(a) Use Cauchy inequality to obtain estimate for the derivatives of $\sin z$ at $z=0$ and
(b) determine how good these estimates are
No examples are given except the proof on Cauchy Inequality. How do I work this out?
If I take $|z|=1$ as my circle, would $\displaystyle \max \left \{ \sqrt{\sin^2 x + \sinh^2 \left( \sqrt{1-x^2} \right) }\right \} n!$ be an approximation for my n-th derivative of $\sin z$ inside circle $|z| = 1 $?
At first we look at a nice definition to estimate $M$. As we know $$\sin(z)=\frac{1}{2i} \left(\exp(iz)-\exp(-iz)\right).$$
So when $|z|\leq 1 $ we have $|\sin(z)|\leq 2 e$. In fact we should have something like $$|\sin(z)|\leq \frac{1}{2}\cdot \left( e-\frac{1}{e}\right),$$ which gives you the estimate that $$|\sin'(0)|\leq 2 e $$ If you take the radius of your circle smaller, the approximation will be better. I don't know if this is what your are looking for.

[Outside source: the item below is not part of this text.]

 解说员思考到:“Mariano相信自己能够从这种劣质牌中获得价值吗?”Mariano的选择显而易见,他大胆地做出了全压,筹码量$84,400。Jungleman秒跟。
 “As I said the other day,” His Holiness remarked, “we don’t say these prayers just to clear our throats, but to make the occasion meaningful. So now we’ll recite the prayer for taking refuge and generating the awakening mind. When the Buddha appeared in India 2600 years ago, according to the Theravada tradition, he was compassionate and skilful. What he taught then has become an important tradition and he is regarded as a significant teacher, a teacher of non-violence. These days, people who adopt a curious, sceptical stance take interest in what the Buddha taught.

The idea is that when $f$ is analytic we can write $f$ as $$f(z)=\sum_{k=0}^\infty a_k z^k$$ As we know that $$\sin(z)=\sum_{k=0}^\infty (-1)^k \frac{z^{2k+1}}{(2k+1)!}=z-\frac{z^3}{3!}\pm \dots$$
So when $|z|\to 0$ we know that $|\sin(z)|$ goes to $0$ as fast as $|z|$. Hence we can chose $M$ to be something like $r$, maybe with minimal difference $\epsilon$.

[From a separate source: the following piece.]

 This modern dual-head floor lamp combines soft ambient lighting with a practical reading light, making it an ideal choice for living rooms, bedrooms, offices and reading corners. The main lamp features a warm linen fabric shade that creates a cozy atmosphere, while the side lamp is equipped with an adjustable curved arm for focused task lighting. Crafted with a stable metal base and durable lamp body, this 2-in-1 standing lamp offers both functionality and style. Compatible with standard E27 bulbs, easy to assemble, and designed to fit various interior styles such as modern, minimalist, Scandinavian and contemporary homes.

With that one we would get the estimate $$|\sin'(0)|\leq \frac{(r+\epsilon) \cdot 0!}{r}\approx 1$$ which gives a nice estimate for the first derivative.
For example, by Cauchy:
$$f'(z_0)=\frac{1}{2\pi i}\oint\limits_C\frac{f(z)}{(z-z_0)^2}dz$$
witn $\,C\,$ any simple, closed path containing in its interior the point $\,z_0\,$ and wherein $\,f(z)\,$ is analytic (say, $\,C=$ the unit circle for $\,z_0=0\,\;,\;\;f(z)=\sin z\;$ in our case), and since
$$\sin z=\frac{e^{iz}-e^{-iz}}{2i}\implies|\sin z|\le\frac{1}{2}(e^{-Im(z)}+e^{Im(z)})\le\frac{1}{2}(e+e^{-1})$$
so again by Cauchy:
$$|\sin'(0)|=\left|\frac{1}{2\pi i}\oint\limits_C\frac{\sin z}{z^2}dz\right|\le\frac{1}{2\pi}\oint\limits_C\left|\frac{\sin z}{z^2}\right|\,dz\le\frac{1}{4\pi}\oint\limits_C\frac{e+e^{-1}}{1}dz=\frac{e+e^{-1}}{2}\sim 1.86$$